Reasons and effects of a low commitment to Energy Infrastructure


Electricity service is, by its nature a highly capital intensive and a politically constrained enterprise. It involves more than 3,000 companies; is owned by investors, municipalities, cooperatives, and federal agencies; and, is regulated by state and federal authorities whose jurisdictions overlap. Beginning with the Public Utility Regulatory Policy Act of 1978 and accelerating with the Energy Policy Act of 1992, orders to deregulate the electricity enterprise led to the partial dismantling of the institutional structure for the electricity sector. That structure has not been replaced by an alternative with coherent institutions and rules. As a consequence, elements of the diverse electricity sector are in crisis, and the effects have been spreading. The investor-owned utilities are operating under inconsistent and conflicting regulations.

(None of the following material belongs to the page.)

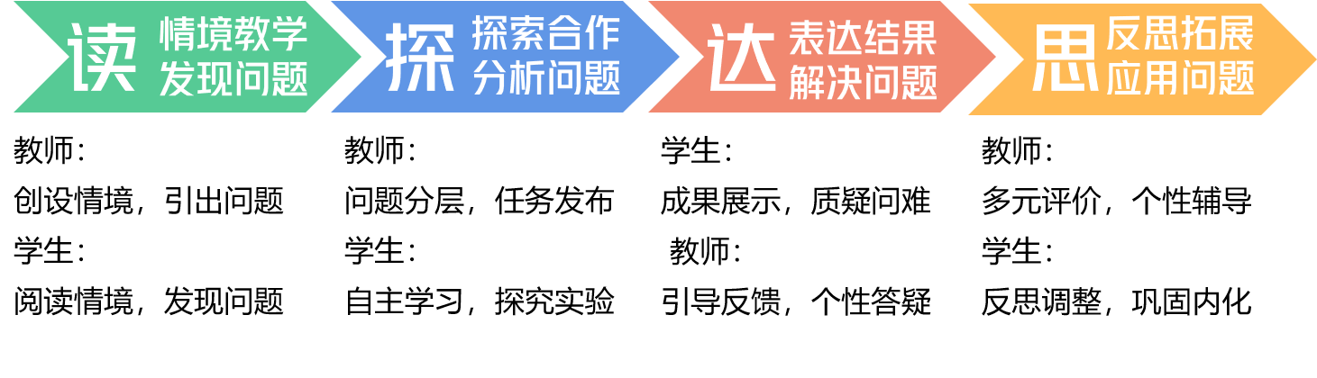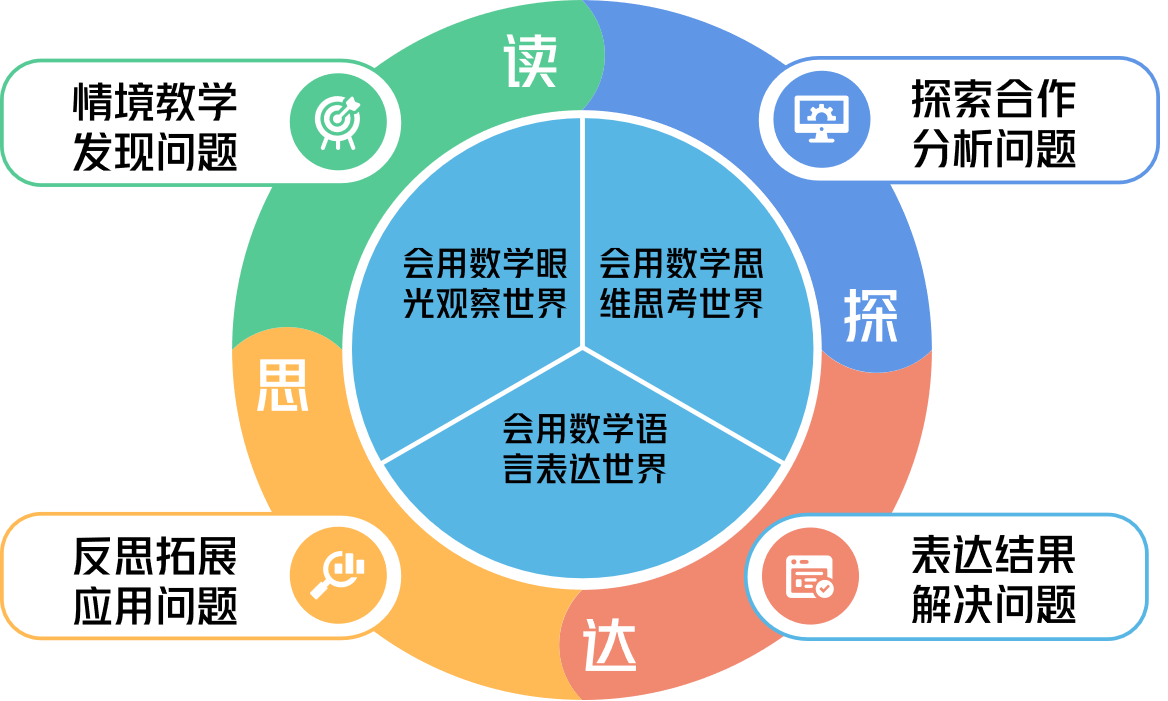 《义务教育数学课程标准(2022年版)》指出:课程目标以学生发展为本,以核心素养为导向,进一步强调学生获得数学基础知识、基本技能、基本思想和基本活动经验,发展运用数学知识和方法发现、提出、分析和解决问题的能力,形成正确的情感、态度和价值观。“三会”是培养学生核心素养的三个方面,包括:“会用数学的眼光观察现实世界”“会用数学的思维思考现实世界”“会用数学的语言表达现实世界”,且核心素养具有整体性、一致性和阶段性。“四环”是支持核心素养落地的四个教学环节,包括:“读:情境教学,发现问题”、“探:探索合作,分析问题”、“达:表达结果,解决问题”、“思:反思拓展,应用问题”,简称DTDS教学模型。“三会”为“四环”导向,“四环”为“三会”落实搭建教学框架,进而使整个教学流程有标可依。

Market reforms, however well intentioned, have shown mixed success and have resulted in rules that differ from state to state and, in many cases, from utility to utility within a state. Order 888, issued by the Federal Energy Regulatory Commission in 2000, required open access for all transactions on interstate transmission circuits. Federal open access orders, however, have not given clear direction for how open competition is to be implemented. Changing environmental policies have added to the uncertainty in the electricity sector, even though many proposals were intended to reduce uncertainty.

Any one of these problems might have been manageable. But the concurrent convergence of several independent difficulties has caused serious turmoil in the business aspects of the electricity sector. Increasingly, wholesale markets are thwarted by the inability of the aging US power delivery system to support transactions. Further expansion of retail deregulation has essentially come to a stop. Credit markets have shut out nearly all of the high risk energy trading companies, whose business has turned from boom to bust over the past several years. Other industry members have seen their credit ratings drop, and financing costs for the industry have risen dramatically. Those strains on business have affected any number of stakeholders in the electricity sector; they are unable to plan, unwilling to invest, and stalemated in their attempts to devise a way out of the current dilemma.